Prove that det(A^2) = 1

If A is row equivalent to I and I can be obtained from A by using only row operations of type I (interchange rows) and III (adding a multiple of one row to another), prove $\displaystyle det(A^2) = 1$.

My attempt:

If A is row equivalent to I, then A is the product of some elementary matrices. As a result, det(EA) = det(E)det(A) where E is some elementary matrix.

*Assume det(A) is multiplied by the determinants of elementary matrices of type I. When this happens, that will change the value of det(A) by -1 since det(E) = -1 and det(EA) = det(E)det(A)

*Similarly, assume det(A) is multiplied by the determinants of elementary matrices of type III. When this happens, det(A) is unchanged because det(E) = 1 and det(EA)=det(E)det(A)

We can also consider the case with both row operations I and III, which again, will only change the det(A) by multiplying it by -1 or leaving it unchanged.
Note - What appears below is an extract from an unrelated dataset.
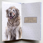 Kapesní diář na rok 2026 obsahuje záložku z modré stužky, diář obsahuje spoustu ilustrací, motiv: pes; autorkou je anglická malířka Alex Clark, značka Alex Clark Art.

A is row equivalent to I, so

A = (E1)(E2) *** (Ek)(I)

This implies that

det(A) = det[(E1)(E2) *** (Ek)(I)]
det(A) = det(E1)det[(E2) *** (Ek)(I)]
...
det(A) = det(E1)det(E2) *** det(Ek)det(I)

The determinant of the identity matrix I is 1 since the identity matrix is triangular, and the product of its diagonal elements is 1. Therefore, multiplying it by the determinants of elementary matrices I and III mean only two possible values of det(A) exist: 1 and -1. Squaring that in det(A^2) mean that det(A^2) = 1.

Proof done.

Note: The proofs for why det(E) = 1 or -1 where E is type I or III, respectively, are already in my textbook, so I can simply cite the proofs there. I inserted an asterik (*) at the start of those 2 statements just to make things clear for you as viewers.

This argument is correct; well done! At the end you can say $\displaystyle \text{det}(A^2)=[\text{det}(A)]^2$ and so the minus sign doesn't matter.

Thanks for the comment, I'll include that at the end of my proof.